If you have any problem, be sure you have installed correctly: Java, Maven, and Git

Add dependencies

You need to modify the dependencies section of your pom.xml and add:

...
<dependencies>
    ...
    <dependency>
        <groupId>com.autentia.web.rest</groupId>
        <artifactId>spring-wadl-generator</artifactId>
        <version>1.0</version>
    </dependency>
    ...
</dependencies>
...

Add the Spring Web MVC Controllers

Add the next class to your project:

package whatever.you.want;

import com.autentia.web.rest.wadl.builder.ApplicationBuilder;
import com.autentia.web.rest.wadl.builder.impl.springframework.SpringWadlBuilderFactory;
import com.autentia.xml.schema.SchemaBuilder;
import net.java.dev.wadl._2009._02.Application;
import org.springframework.beans.factory.annotation.Autowired;
import org.springframework.http.HttpStatus;
import org.springframework.stereotype.Controller;
import org.springframework.web.bind.annotation.ExceptionHandler;
import org.springframework.web.bind.annotation.PathVariable;
import org.springframework.web.bind.annotation.RequestMapping;
import org.springframework.web.bind.annotation.RequestMethod;
import org.springframework.web.bind.annotation.ResponseBody;
import org.springframework.web.bind.annotation.ResponseStatus;
import org.springframework.web.servlet.mvc.method.annotation.RequestMappingHandlerMapping;
import javax.servlet.http.HttpServletRequest;

@Controller
@RequestMapping(value = "/rest", produces = {"application/xml"})
public class WadlController {

    private final ApplicationBuilder applicationBuilder;
    private final SchemaBuilder schemaBuilder;

    @Autowired
    public WadlController(RequestMappingHandlerMapping handlerMapping) {
        final SpringWadlBuilderFactory wadlBuilderFactory = new SpringWadlBuilderFactory(handlerMapping);
        applicationBuilder = wadlBuilderFactory.getApplicationBuilder();
        schemaBuilder = wadlBuilderFactory.getSchemaBuilder();
    }

    @ResponseBody
    @RequestMapping(value = "wadl", method = RequestMethod.GET)
    public Application generateWadl(HttpServletRequest request) {
        return applicationBuilder.build(request);
    }

    @ResponseBody
    @RequestMapping(value = "schema/{classTypeName}", method = RequestMethod.GET)
    public String generateSchema(@PathVariable String classTypeName) {
        return schemaBuilder.buildFor(classTypeName);
    }

    @ResponseStatus(HttpStatus.NOT_FOUND)
    @ExceptionHandler(IllegalArgumentException.class)
    public void handleException() {
        // Do nothing, just magic annotations.
    }
}

Be sure this controller is in the Spring Web MVC context (maybe put in a package scanned by the context, or adding it manually).

Now the WADL generation should be working.
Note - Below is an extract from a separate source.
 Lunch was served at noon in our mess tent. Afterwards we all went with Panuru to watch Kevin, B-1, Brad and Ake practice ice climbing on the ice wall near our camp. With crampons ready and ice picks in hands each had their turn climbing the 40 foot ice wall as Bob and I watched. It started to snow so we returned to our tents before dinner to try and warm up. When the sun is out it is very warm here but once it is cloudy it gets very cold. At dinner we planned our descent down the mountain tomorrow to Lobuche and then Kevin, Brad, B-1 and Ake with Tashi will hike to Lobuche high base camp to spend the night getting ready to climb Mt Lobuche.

With this example you can access it on: http://localhost:7070/my-app/rest/wadl

Schema of complex types

JAXB is used to generate the schema for complex types.
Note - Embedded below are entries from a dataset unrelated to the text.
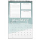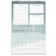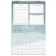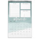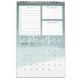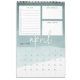 Unique 12 page monthly calendar features a calendar grid beneath three customizable sections to help organize your month, including a lined to-do list with checkboxes, a section for "big goals" and a notekeeping section. Each page features a sheer watercolor gradient background in soothing shades of jade green, with the month in white handwritten lettering. Personalize the front cover with the year and your custom text to make this beautiful 2019 calendar your own.
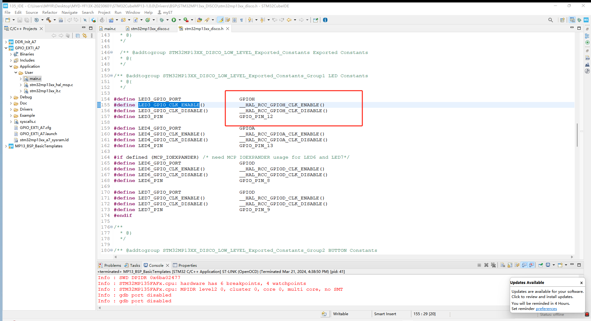开始对心跳灯进行配置,修改stm32mp13xx_disco.h里的心跳灯引脚配置:
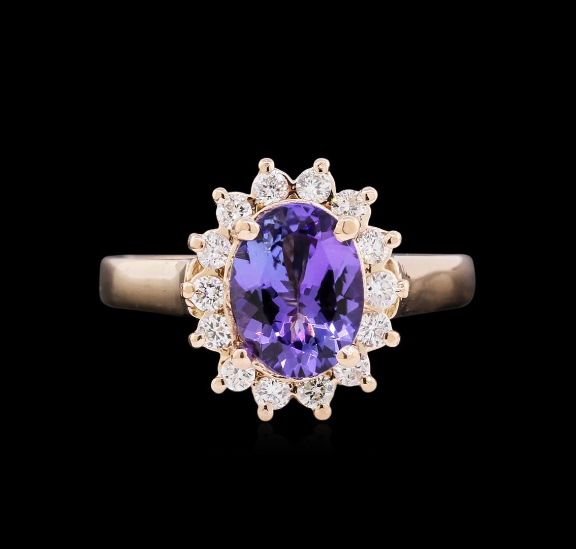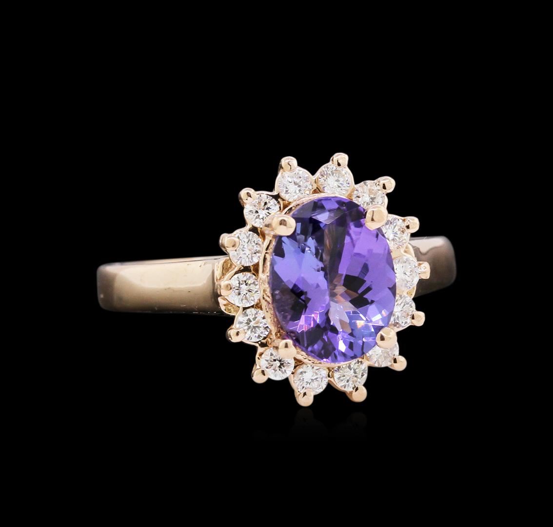 One ring featuring: 14KT rose gold weighing 4.64 grams containing one tanzanite with a total weight of 1.55ct and diamonds with a total weight of 0.35ct.
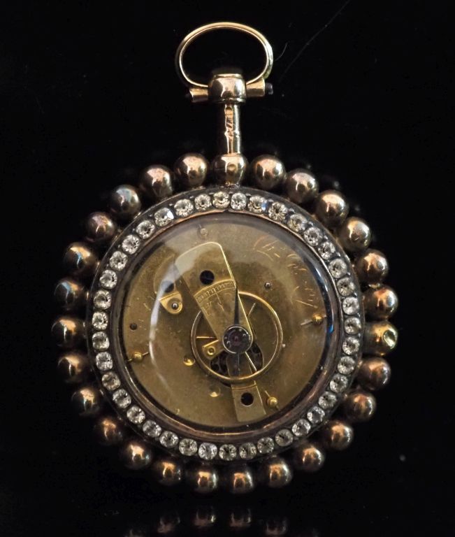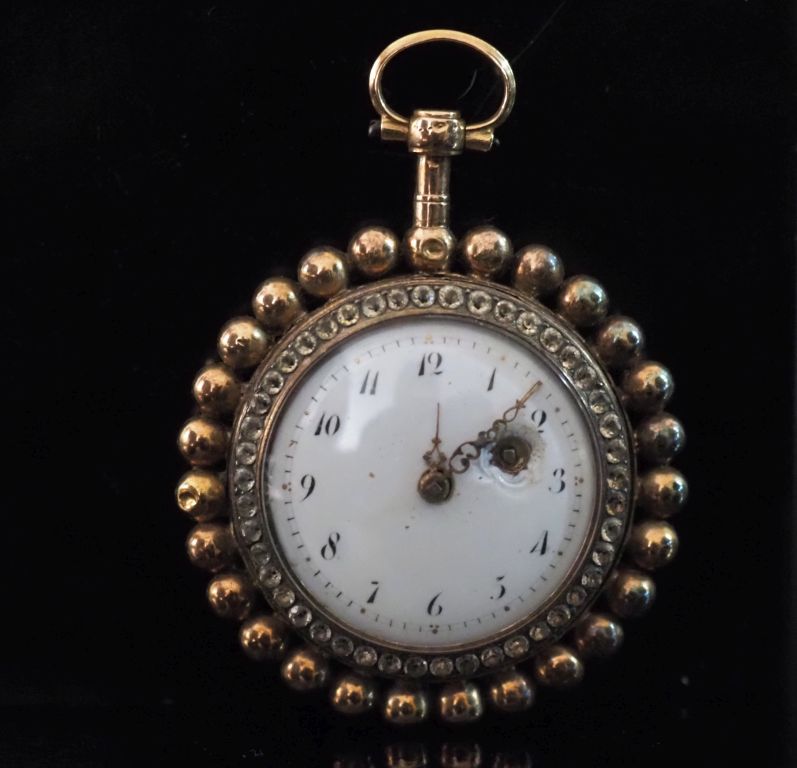 ANONYME Début XIXe siècle Montre de fantaisie en or jaune 750. Boîtier : rond sur charnière, la carrure avec des points stylisés, serti de pierres du Rhin, fond transparent (usures) Cadran : émail blanc avec chiffres arabes stylisés, minuterie chemin de fer et carré de remontage (accidents) Mouvement : mécanique avec remontage à clef Diam. 42 mm Poids tel. 40 g Expert : Geoffroy Ader - Ader Watches

In the simple and common case, you can generate the schema for your complex types (the classes you use in your request or responses) just annotating the classes with @XmlAccessorType(XmlAccessType.FIELD) and @XmlRootElement. For example:

...
@XmlAccessorType(XmlAccessType.FIELD)
@XmlRootElement
public class Contact {

    private final String id;
    private final String name;
    private final String email;
    ...

In more complex cases you can use any other JAXB annotations in whatever way you want.
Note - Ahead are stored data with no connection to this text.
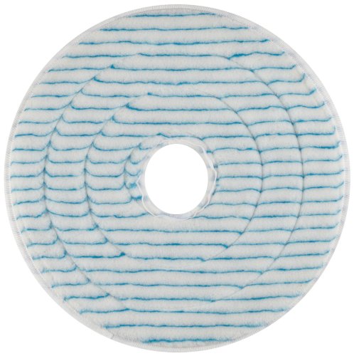 The Glit 23442 scrubbing floor pad is made of a polyester resin blend, has a 17" diameter, and is suitable for use on a floor machine (sold separately) with 175 to 300 revolutions per minute (rpm).
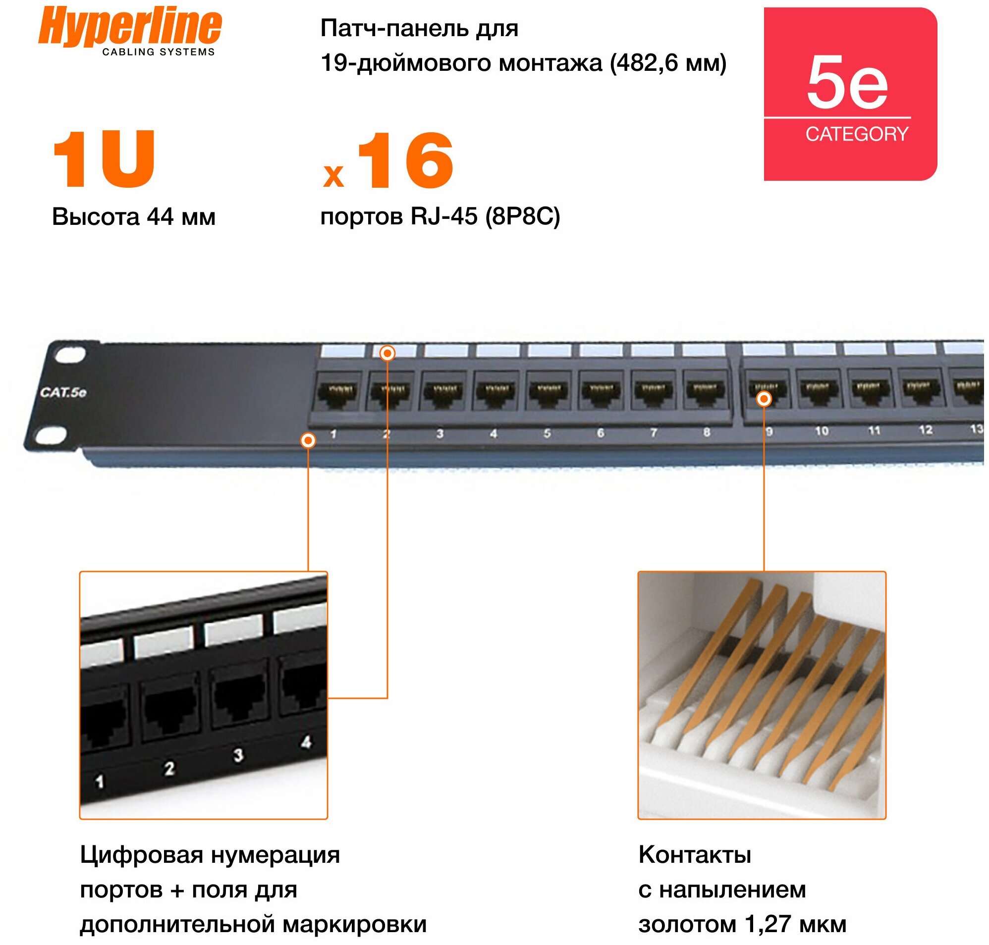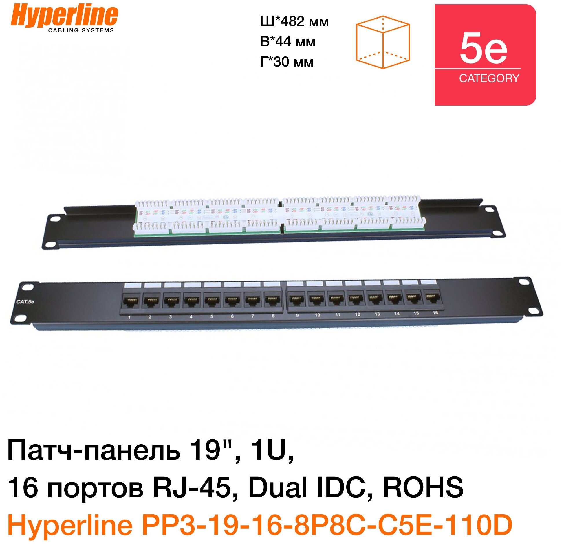 Патч-панель Hyperline 19" 1U 16 портов RJ-45 категория 5e Dual IDC ROHS черн
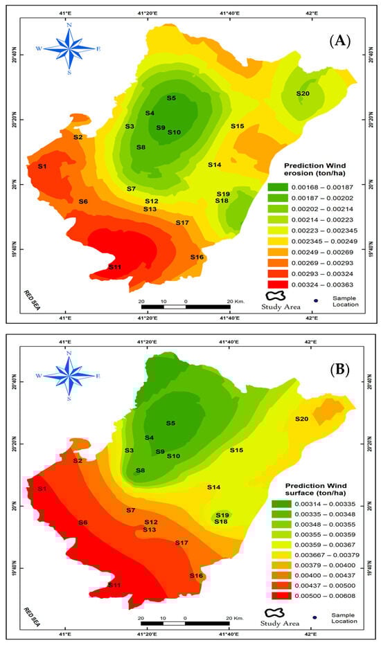 In the Al-Baha region, georeferenced data were gathered from 20 sites (S1 to S20). Wind speed, soil type, slope, surface roughness, and dust deposition rates (ton ha−1) were among the variables. Spatial data on land-use practices; topographical features; and meteorological parameters, such as wind speed and precipitation, were combined with field data on wind erosion and dust deposition. We used Geographic Information Systems (GISs) and the Kriging interpolation method to evaluate the susceptibility of several sites in the Al-Baha region to wind erosion, wind surface disturbance, and dust deposition. We were able to map and examine spatial changes throughout the research region thanks to this methodology, which gave us insights into the environmental factors influencing soil stability.
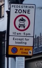 Here, at the bottom of Irongate, motor vehicles cannot access Cornmarket, so the “exception” sign is slightly different to some other places.
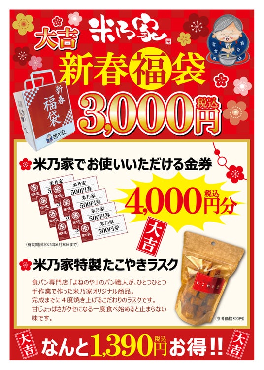 「米乃家2025年新春福袋」は、2025年の年始初営業日から全国※2で発売を開始し、一部店舗では2024年内に先行発売も予定しております。
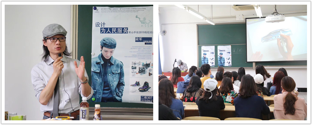 十场专业讲座从4月初开始历时一个月,分别邀请了Faurecia首席设计师王旭,知名球鞋收藏爱好者范耘硕,黄山手绘创始人梁军,润庄品牌咨询执行董事黄智勇,华东理工大学工业设计系系主任王炎,尊品设计创始人薛飞翔,广州红谷皮具研发总监郑杨,全国制鞋标准化技术委员会秘书长张伟娟,上海晨光文具股份有限公司产品经理姜海燕,阿迪达斯配饰设计师陆文婕来校进行分享,堪称一场关于设计的饕餮盛宴。

Generating WADL on compilation time

We show how to configure our projects to access the WADL in runtime like any other resource on our REST API. But sometimes is either not desirable, or impossible (imagine you have to send the development version of your WADL to some partner or colleague that don't have access to your development network).

In this cases we can generate the WADL on compilation time, and afterwards send it by the way we want.

To view how to do this, check the projects under wadl-packaging.